TEBING TINGGI, RATA NEWS.ID ; Karyawan PTPN IV Palmco Regional I Kebun Rambutan, Kecamatan Tebing Tinggi, Kabupaten Serdang Bedagai, Sudarno (40), tewas ditempat, sedang rekannya mengalami luka ringan, menyusul terjadinya kecelakaan lalulintas tunggal, di Jalan Gunung Leuser, Kelurahan Tanjung Marulak, Kecamatan Rambutan, Kota Tebing Tinggi, Selasa sore (18/8/2026).
Keterangan diperoleh Rata News.id terkait kronologis kejadiannya, Sudarno bersama seorang rekannya, keduanya merupakan Karyawan Kebun Rambutan, melintasi Jalan Gunung Leuser dengan mengendarai kenderaan roda tiga jenis Viar. Sudarno bertindak sebagai pengemudi, sedang rekannya sebagai penumpang mengawasi barang bawaan.

Saat meluncur di Jalan Gunung Leuser, kenderaan dikemudikan Sudarno bersama temannya dengan membawa tiga drum plastik biru berisikan limbah pabrik dan satu jerigen putih, setibanya di lokasi kejadian, tiba tiba stiur betor berbelok ke kiri dan oleng, hingga menabrak pohon mahoni di pinggir jalan dan terjun keparit.
Akibat kejadian tersebut, Sudarno (40) mengalami luka berat bagian kepala dan tewas di Tempat Kejadian Perkara (TKP) di Jalan Gunung Lauser, Kelurahan Tanjung Marulak, Kecamatan Rambutan, Kota Tebingtinggi, Selasa (18/8/2026) pukul 16.30 WIB.

Kasus laka lantas itu merupakan kecelakaan tunggal, sehingga warga sangat antusias melihat kejadian itu dari dekat sambil bertanya-tanya, kenapa bisa terjadi. “Kenapa bisa begini kejadiannya.

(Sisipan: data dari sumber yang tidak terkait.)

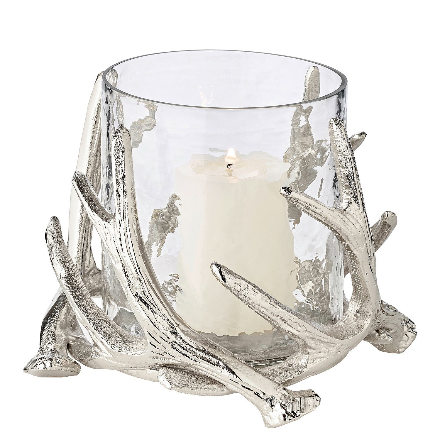 INNOVATIVES DESIGN: Durch das edle Design in Geweih-Optik schaffen Sie einen ganz besonderen Hingucker in Ihrer Wohnung oder auf der Veranda. Das Glas des Windlichts Kingston wird dabei stilvoll von den silbernen Geweihenden eines Hirsches umschlossen.
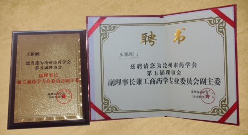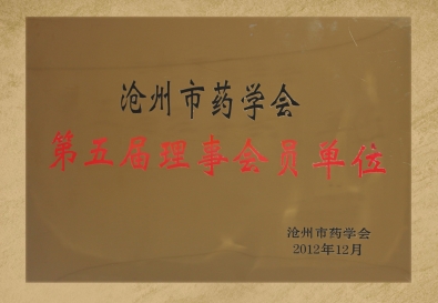2013年3月份,由滄州市藥學(xué)會(huì )頒發(fā)給我公司“滄州市藥學(xué)會(huì )第五屆理事會(huì )員單位”銅牌,并聘請我公司董事長(cháng)、總經(jīng)理為滄州市藥學(xué)會(huì )第五屆理事會(huì )副理事兼藥學(xué)專(zhuān)業(yè)委員會(huì )副主委。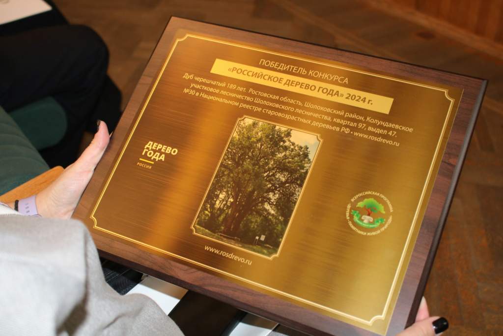 Торжества, посвященные победе дуба-великана в национальном конкурсе «Российское дерево года-2024», прошли в станице Вёшенской. Состоялось открытие памятной таблички, установленной возле дерева в честь признания черешчатого дуба победителем конкурса.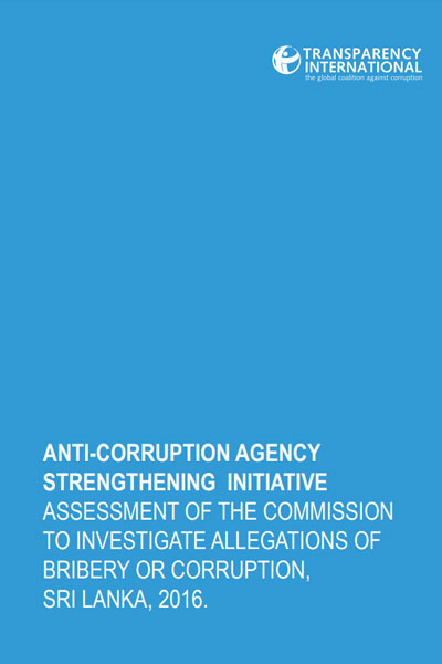 Employing this tool, Transparency International Sri Lanka (TISL) implemented an assessment of Sri Lanka’s Anti-Corruption Agency, the Commission to Investigate Allegations of Bribery or Corruption (CIABOC).

Kok nggak kelihatan korbannya”,ucap seseorang warga dengan nada bertanya.
Dilokasi kejadian, pengemudi Betor Sudarno terperosok kearah parit dan bagian kepala menyeruduk pohon mahoni, kemudian tubuhnya tertimpa kenderaan roda tiga tersebut. Setelah itu, kendaraannya terjungkal dengan roda berada di atas didalam parit. Sedang teman kerja korban yang belum diketahui identitasnya, mengalami luka ringan, karena sempat melompat sebelum kenderaan menabrak pohon, lalu masuk keparit.

“Secara tiba-tiba stang sepeda motor berbelok ke kiri, hingga oleng dan tak terelakkan lagi menabrak pohon pinggir jalan. Saya sangat terkejut, secara repleks kemudian melompat menghindar menabrak pohon mahoni,”jelas rekan Sudarno sambil berlalu dan menghindar dari kerumunan ratusan warga.
Saat dilakukan evakuasi kenderaan roda tiga yang terguling dipinggir parit dan terjepit di pohon mahoni, sulit untuk mengevakuasinya. Akhirnya, Betor berhasil di evakuasi seperti semula. Tapi, secara tiba-tiba Betor itu berjalan sendiri dan sempat menyeruduk seorang warga. Ternyata, betor itu bertenaga listrik. Suaranya tidak kedengaran, begitu tangan menyentuh pedal gas langsung jalan.

Jenazah korban, sempat lama di evakuasi menunggu petugas Lantas Polres Tebingtinggi datang. Begitu juga dari pihak PTPN IV Palmco Regional I Kebun Rambutan, baru mengetahui kejadian itu dari beberapa warga yang melintas. Mayat korban langsung dibawa ke RS Poldasu Bhayangkari Cabang Tebing Tinggi, sedang persoalannya sudah ditangani Satlantas Polres Tebing Tinggi. (Pewarta : H. Suhartoyo, QIA).